Spend this Black History Month remembering the activists upon whose work we build, and upon whose shoulders we stand. Connect with writers, thinkers, artists, and creators you may never have heard of; or dig deeper into the work of old favorites. Celebrate #blackgirlmagic. Applaud #blackboyjoy. Tune into the diaspora and witness that Black people in America have spent the last four hundred years making lemonade out of lemons and ploughshares out of swords. Testify that our words, like our lives, matter.

This month is about more than the rote recitation of dates or the half-hearted retweeting of yet another Rosa Parks picture. Don’t spend another February listlessly tuning out another excerpt of King’s “I Have a Dream” speech. Be visible and vocal in your support of issues important to the black community.
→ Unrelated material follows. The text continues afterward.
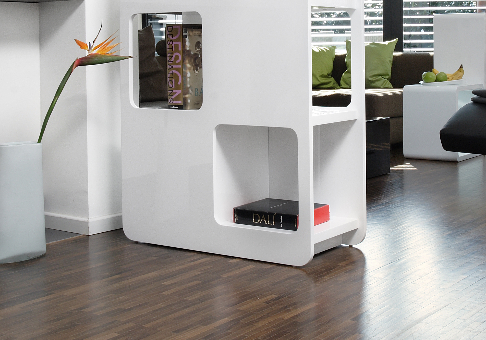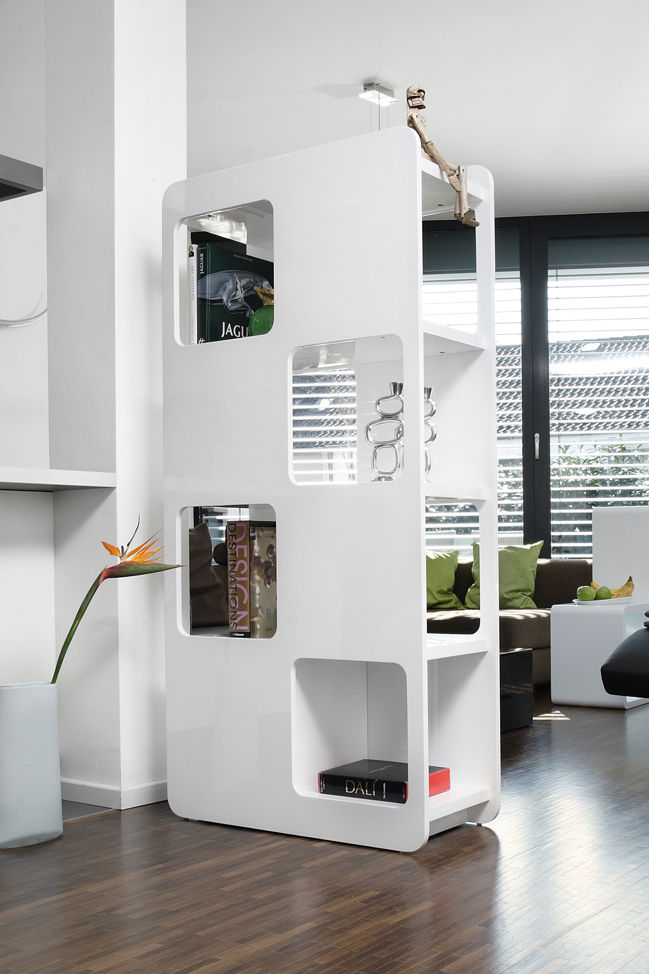 Die platzsparende Lösung für viel Stauraum. Der Raumteiler wurde aus MDF gefertigt und mit einer Hochglanz weißen Schicht lackiert. Das Regal verfügt über 4 Regalböden, welche großzügigen Stauraum bieten. Sei es für Bücher, Akten oder Deko. Es können auch kleine Aufbewahrungskörbchen auf die Regalbretter gestellt werden, so sind die verstauten Dinge nicht sofort für jedermann sichtbar. Das Regal kann frei im Raum aufgestellt oder an eine Wand gestellt werden. Dank des modischen Designs passt dieser Raumtrenner in nahezu jedes Interior und findet im Wohn- oder Kinderzimmer, im Flur, im Büro oder im Schlafbereich seinen Platz. Das Standregal sieht nicht nur sehr schick aus, es erfüllt auch seinen Zweck.

So, where do you start? During this Black History Month, Feminist Frequency would like to share with you some awesome work by Black female writers we think you’ll find edifying, thought-provoking, and challenging. Educate yourself. Listen when Black women speak. Our feminism must be intersectional or our revolution will fail.

 

Let me give you a word of the philosophy of reform… If there is no struggle there is no progress. Those who profess to favor freedom and yet deprecate agitation are men who want crops without plowing up the ground; they want rain without thunder and lightning. They want the ocean without the awful roar of its many waters.

This struggle may be a moral one, or it may be a physical one, and it may be both moral and physical, but it must be a struggle. Power concedes nothing without a demand. It never did and it never will. Find out just what any people will quietly submit to and you have found out the exact measure of injustice and wrong which will be imposed upon them, and these will continue till they are resisted with either words or blows, or with both. The limits of tyrants are prescribed by the endurance of those whom they oppress… If we ever get free from the oppressions and wrongs heaped upon us, we must pay for their removal. We must do this by labor, by suffering, by sacrifice, and if needs be, by our lives and the lives of others.

Frederick Douglass, “No Struggle, No Progress” (1857)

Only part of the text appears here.